The commonplace and daily aspects of life attract me most. And the anecdotal essay is my style of reporting what I notice.
Rituals
If you and I had sat on a park bench for an afternoon a couple of years ago, catching up, talking of this and that, and you had asked me the “what-are-you-thinking-about-and-writing-about-these-days?” kind of question, I would have answered, “Rituals.” And I would have added, “If that surprises you, it surprises me as well.”
Why rituals? It’s a formal topic, most likely addressed by theologians and anthropologists. My interests are not usually so academic.
So why rituals?
My thinking was set in motion by those who, knowing I was a parish minister for many years, have asked me for advice about ceremonies and celebrations. They wanted words to use at graduations, funerals, and the welcoming of children. They inquired about grace at family meals, the reaffirmation of wedding vows, and ways to heal wounds suffered in personal conflict. People requested help with the rituals of solitude, such as meditation, prayer, and contemplation.
I’m supposed to know about such things. But the truth is that while I’ve performed and participated in such rituals for many years, I’ve never given the subject the careful thought it deserves.
While seeking ways of responding to those requests, I began seeing much of my life and the life around me as ritualized. I realized that the important rituals were not stored in books and service manuals, but were being lived daily by all of us.
If the topic of rituals were a building, its appearance would be imposingly serious, like the antique administration building of a small college. If you went into the main entrance and on into the foyer, the intimidating formality would continue. If you asked at the main desk for information about the college, you’d receive the official brochures and handbooks which are idealized maps of the activities of an institution. That’s one way to look at information and learning.
If, instead, you went around back, entered through the kitchen door of the cafeteria in the basement, talked with the cooks and janitors, and then went on into the lunchroom to sit down and chat with the staff and students, you might feel more at ease, and would likely get a friendlier view of the college.

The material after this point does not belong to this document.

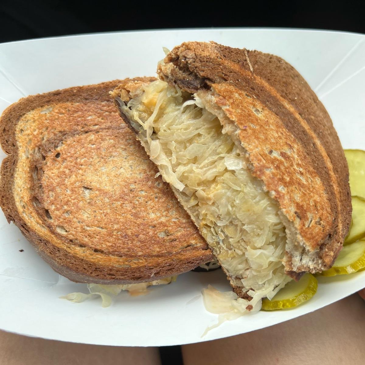 first of all, i loved that this sandwich was on marbled rye. i also appreciated the hefty amount of sauerkraut and the side pickles. the tempeh was well-prepared too. although i don’t think it’s like hyper-realistic or anything, it was a good reuben and i feel like it was a really good sandwich for the low price!

I prefer this informal, backstage view of life.
It is there I have looked for the raw materials out of which rituals are made.
Following my nose and intuition, I’ve found myself in unexpected places, thinking unanticipated thoughts. It’s always gratifying to see something familiar in a new light, and to realize that what I am looking for is close by. It’s like finding my “lost” glasses perched on the end of my nose. So has it been with this search for an understanding of rituals. Right there in front of my face all along.
If you and I ate lunch together regularly over a period of time, I’d tell you what I know now about rituals, expecting you would add what you know. And my guess is that you’d be as surprised as I was by how much you know about rituals, and by how much ritual behavior goes on in your life.
Last Sunday afternoon, I went through my drawer ritual. Restless, with time on my hands, and too many things to do on my mind, I paced around the house trying unsuccessfully to get my energy focused. I turned almost unconsciously to the drawers, or, as I’ve come to think of them, “the somewhere drawers,” as in, “it’s in here somewhere.”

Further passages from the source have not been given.